Open architecture is a relatively novel approach to software reuse in which independent third-party developers may introduce new functional modules, replace or remove existing modules, or alter module bindings or interrelationships. This approach is an improvement over other customization techniques, which may permit third parties to extend applications but restrict replacement or removal of functional modules, either explicitly or because of tight coupling among the existing modules. An open architecture development model insures that the base platform is capable of supporting third-party extensions, often at multiple levels of abstraction, and that changes in the base platform can be made without breaking the community-developed plug-ins.

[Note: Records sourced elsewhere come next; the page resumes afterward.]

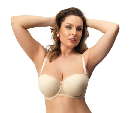 Biustonosz w kolorze cielistym jest całkowicie gładki i niewidoczny pod ubraniem, co sprawia, że możesz nosić go z każdym strojem. Dodatkowo, ramiączka można dowolnie przepinać dzięki specjalnej taśmie z zaczepami na całej długości miseczek.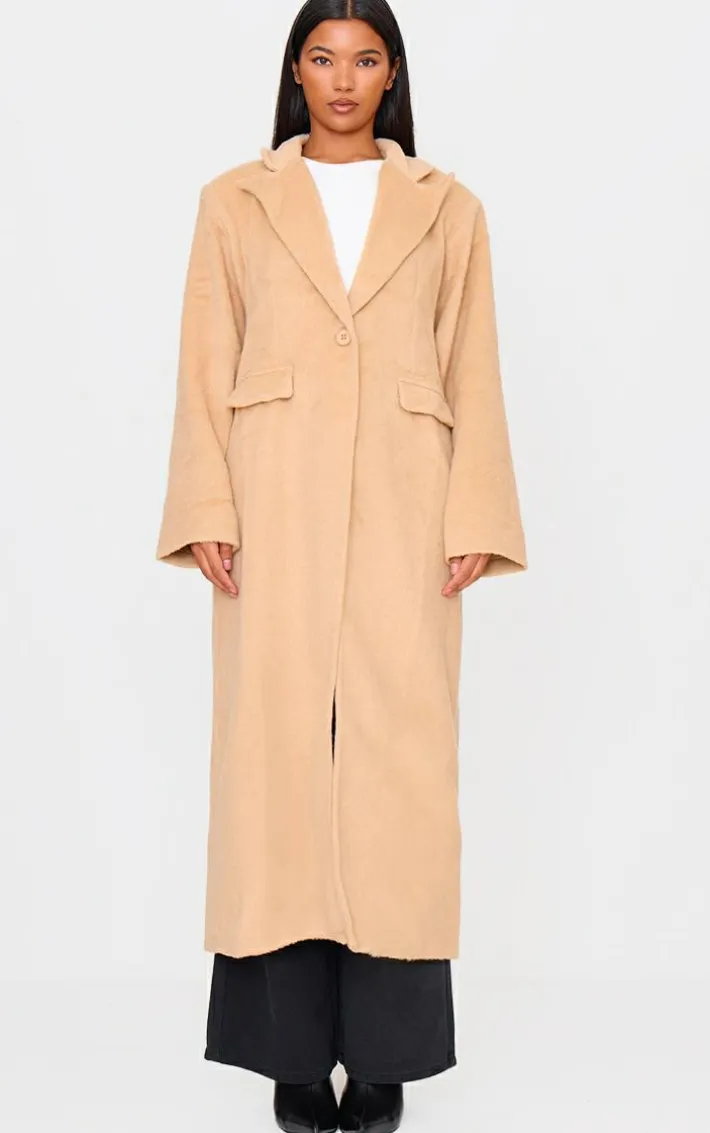 Take your A/W wardrobe to the next level with this camel brushed wool look oversized drop shoulder coat. This coat is brought to you in a camel brushed wool look material with a drop shoulder and an oversized fit, what’s not to love? This coat is here to have you looking on-trend this season. Layer over your outfit of the day to take the look from 0-100 instantly.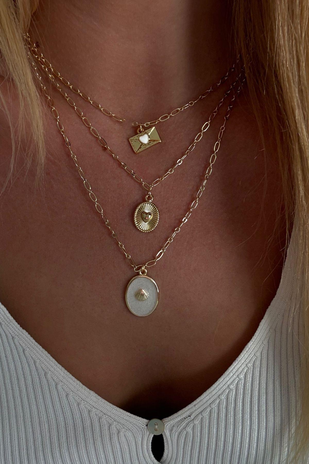 Mektup, Kalp ve İstiridye Figürlü Üçlü Kolye Kombini (TB25-0204)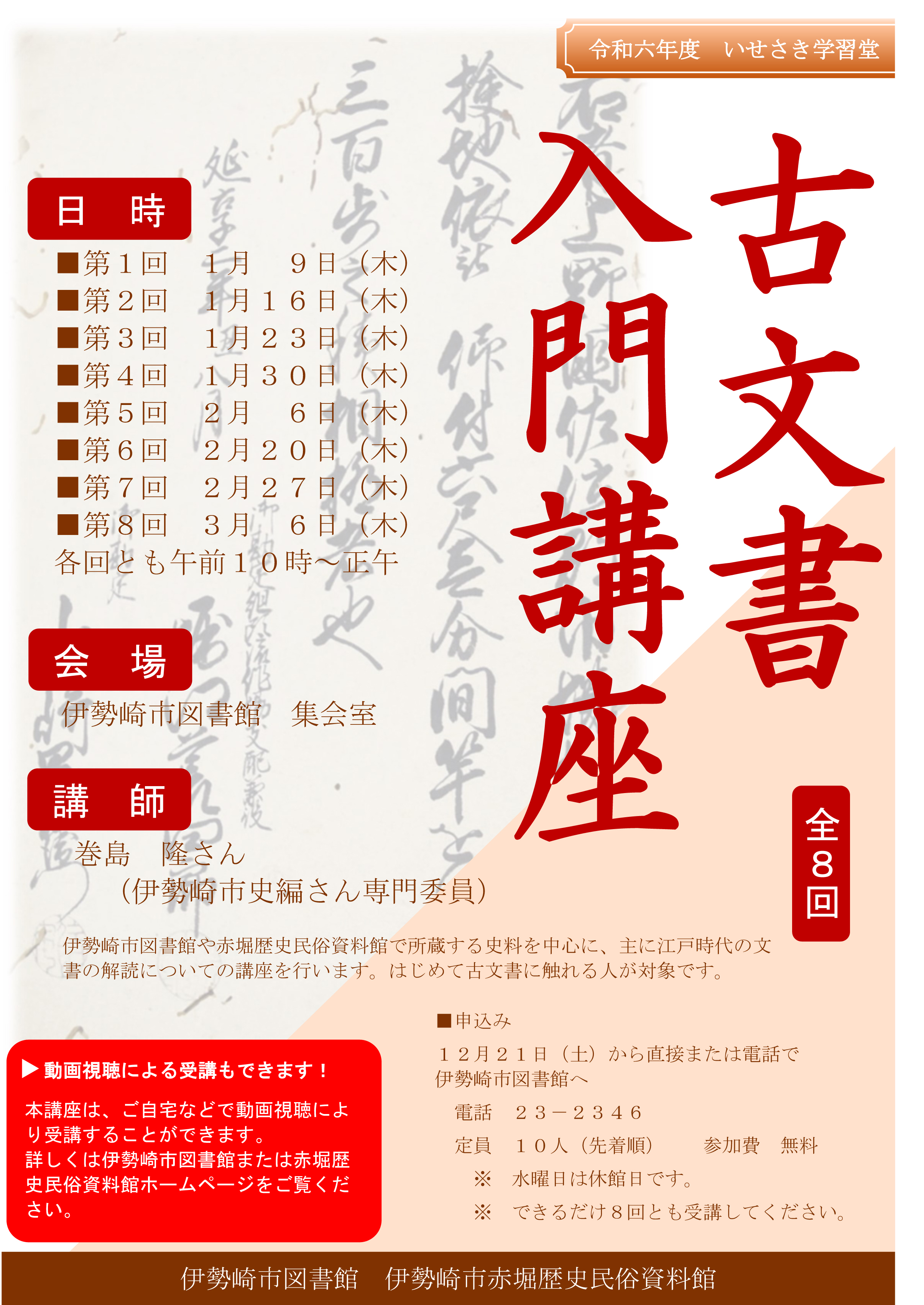 いせさき学習堂「全8回古文書入門講座」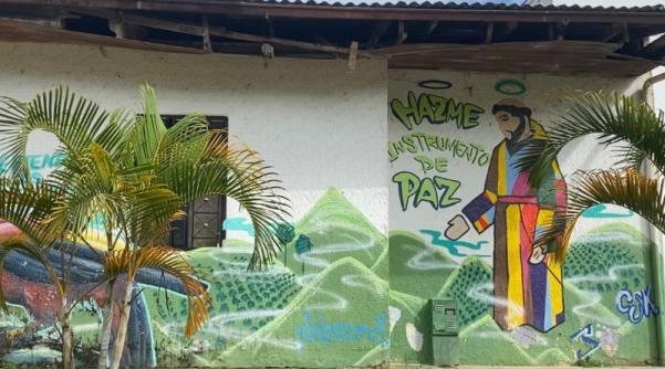 Los artífices de estas imágenes plasmadas en paredes que en otrora resistieron a la guerra fueron firmantes de paz como símbolo de reconciliación. Fredy nos comentó que el objetivo "es recuperar esta iniciativa denominada 'San Adolfo se pinta de colores' y que más firmantes vuelvan al territorio".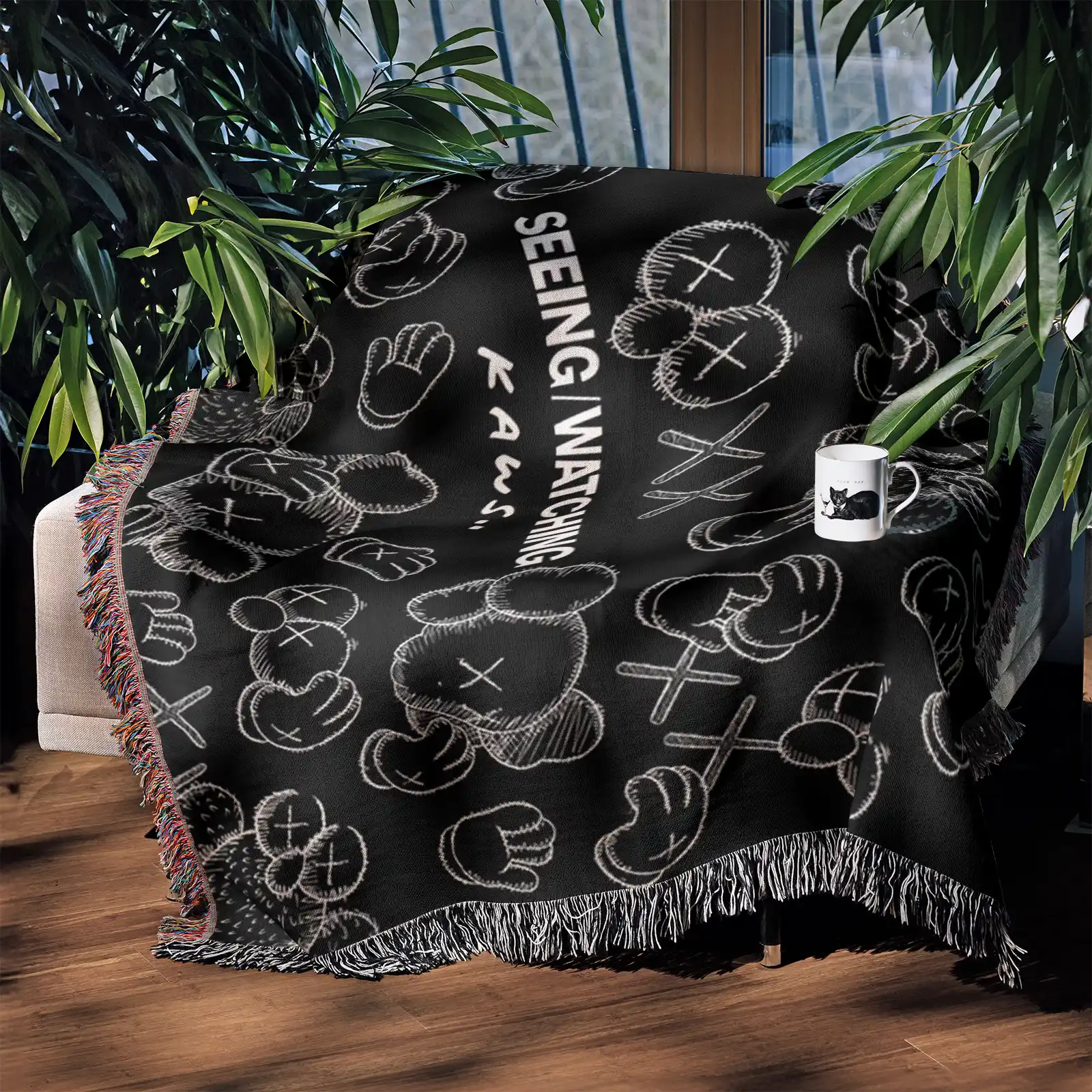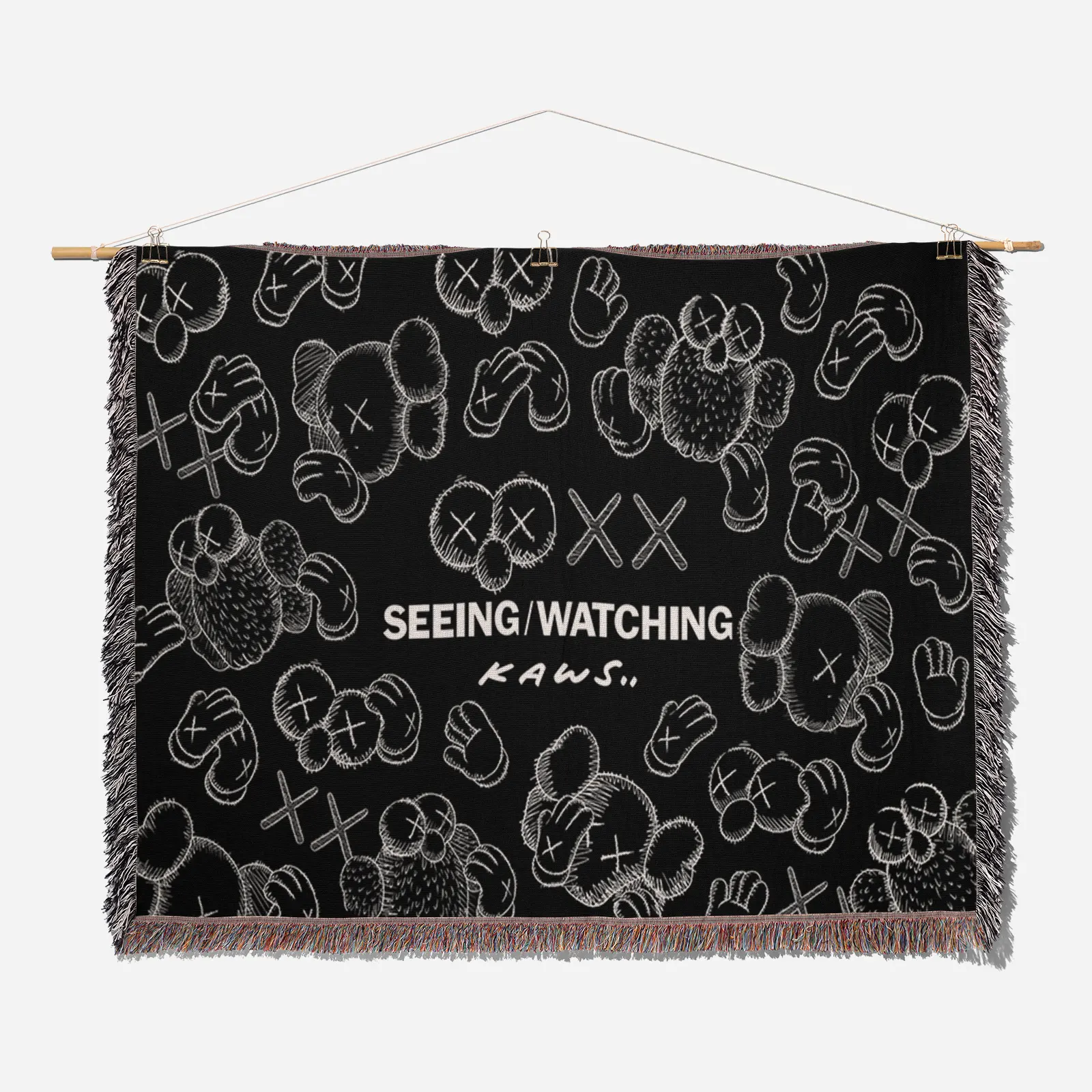 Make a statement with this high-quality, woven Black Kaws tapestry. This durable street art blanket features the distinctive character in a monochrome look, essential for any contemporary art collector.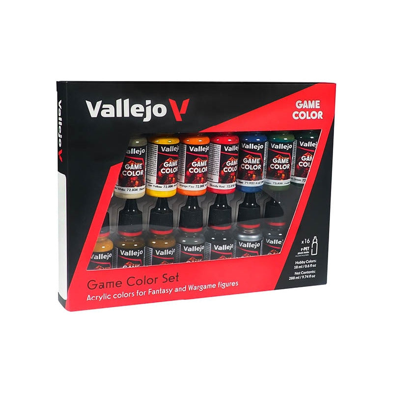 El set de introducción es uno de los surtidos de colores Game Color más populares de nuestra marca. Contiene una selección de 16 colores, 4 de ellos metalizados, especialmente diseñados para iniciarte en el apasionante mundo de la pintura de miniaturas. Contenido: 16 x 18 ml/0.6 fl oz Game Color 72.001 Blanco Calavera 72.034 Blanco Hueso 72.006 Amarillo Soleado 72.008 Naranja Fuego 72.010 Rojo Sanguina 72.022 Azul Ultramar 72.030 Verde Goblin 72.028 Verde Oscuro 72.036 Marón Bronceado 72.040 Marrón Cuero 72.043 Marrón Bichos 72.049 Gris Muralla 72.051 Negro 72.052 Plata 72.054 Gris Metalizado Oscuro 72.055 Dorado Pulido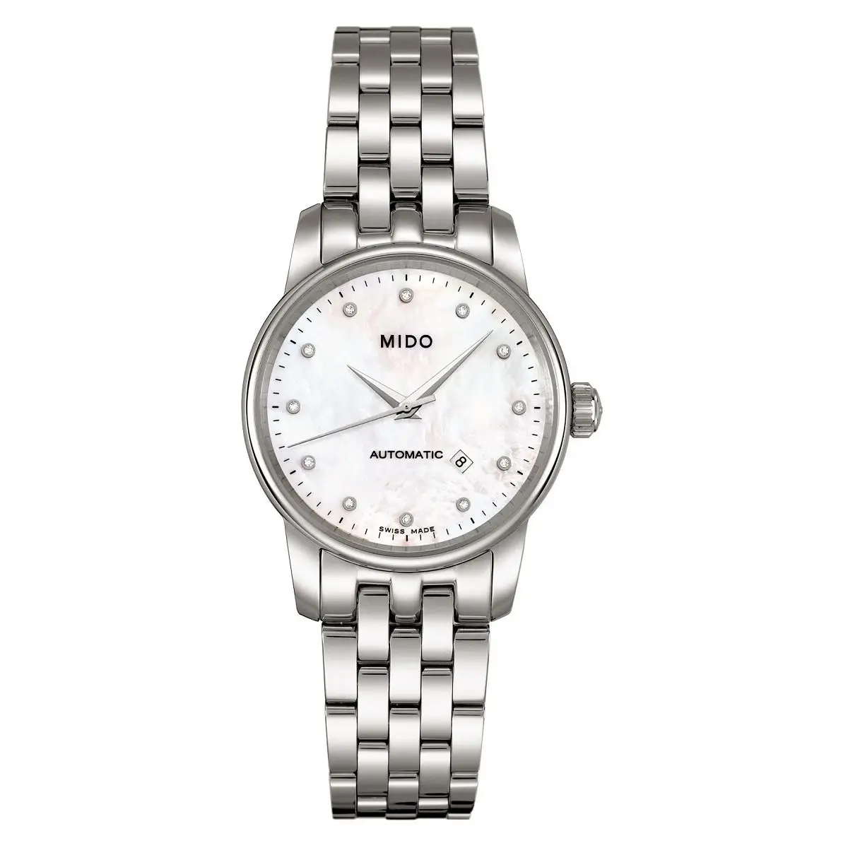 NEU OVP 2 Jahre Garantie UVP: 980€ Mido Baroncelli M7600.4.69.1 -Swiss Made- Funktion: Minuten, Stunden, Sekunden, Datum Uhrwerk: Damenarmbanduhr automatischer Aufzug Automatik ETA 2671 in Elaboré-Qualität Incabloc-Stoßsicherung Nivaflex-Zugfeder, gebläute Schrauben 25 Lagersteine, 28.800 A/h Gangreserve mehr als 38 Stunden Gehäuse: Edelstahl 316L, 4-fach verschraubter Glassichtboden Durchmesser 29,0 mm Höhe 8,65 mm wasserdicht: 5 Bar / 50 Meter Zifferblatt: Perlmutt, hell vollständige Minuterie 12 aufgesetzte Indizes mit Diamant, zus. 0,03 ct Zeiger: silberfarben, poliert Glas: beidseitig entspiegeltes Saphirglas Krone: Edelstahl, Logogravur Armband: Edelstahl, fünfreihig Doppelfaltschließe, Logogravur Gewicht: 77 Gramm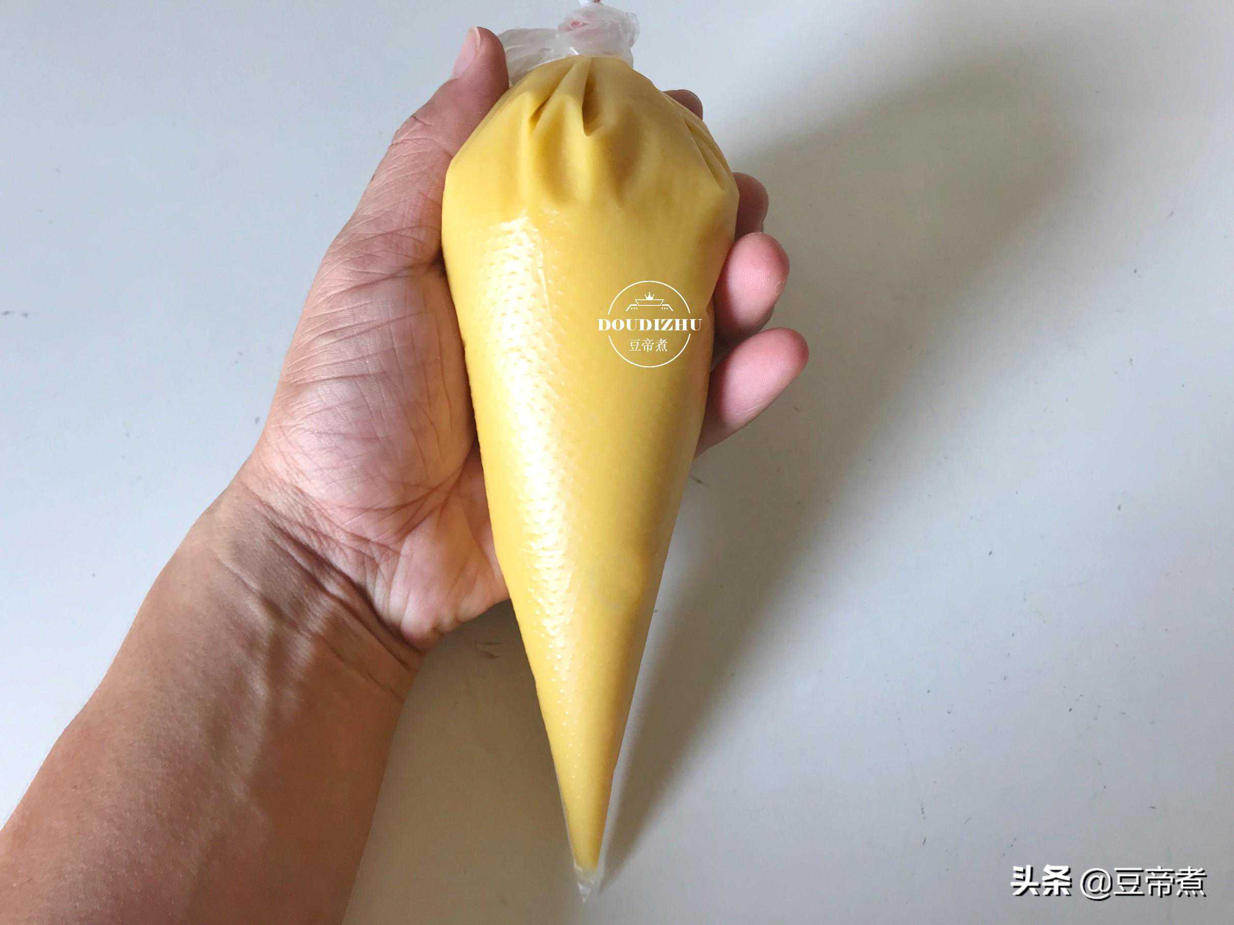 6、在搅拌的时候注意要注意手法,以免起筋。把搅拌好的面糊,倒入裱花袋中密合封口放入冰箱冷藏一个小时以上。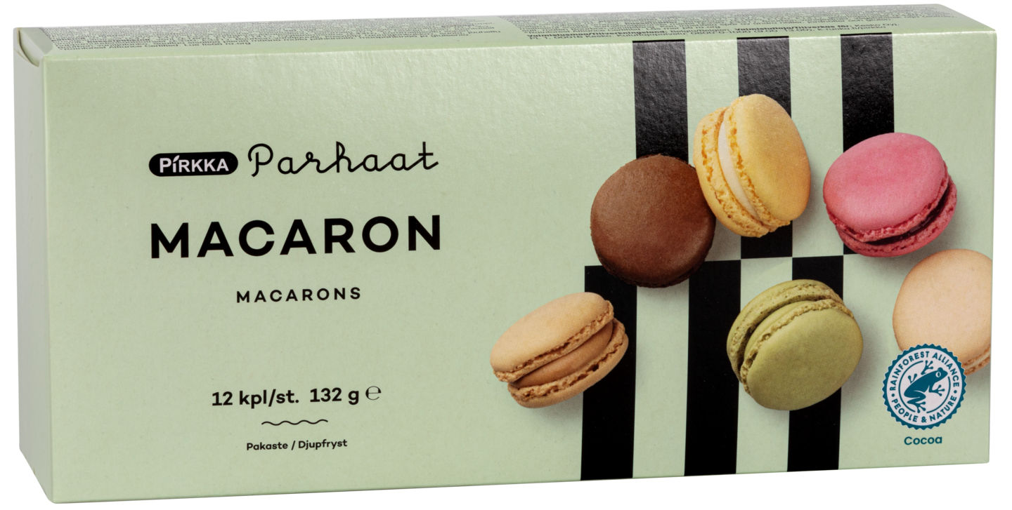 Perinteisiä, värikkäitä, pieniä ranskalaisia mantelileivoksia. Suussa sulavia leivoksia on kuusi eri makua, pistaasi, sitruuna, suklaa, suolakinuski, vadelma ja vanilja. Herkuttele sellaisenaan tai käytä vaikka kakun koristeluun. Myydään pakasteena.

The Eclipse Rich Client Platform (RCP) is one such open architecture effort that supports thousands of community-contributed plug-ins, making it a popular development platform for many diverse applications [11], including the Science Activity Planner developed at JPL for the Mars rovers. Eclipse is an implementation of the OSGi (formerly Open Services Gateway initiative) framework for defining, composing, and executing components and plug-ins. The OSGi Alliance is a worldwide consortium of technology innovators that advances a proven and mature process to assure interoperability of applications and services based on its component integration platform. The Eclipse RCP can be used to build a variety of user applications that support a high-quality end user experience for a particular domain. The UIs support common desktop motifs such as drag and drop, system clipboard, navigation and customization. GLIDER, based on the Eclipse RCP, is designed and built as an open, extensible data environment that can be customized easily via “plug-ins” to a build rich client tool.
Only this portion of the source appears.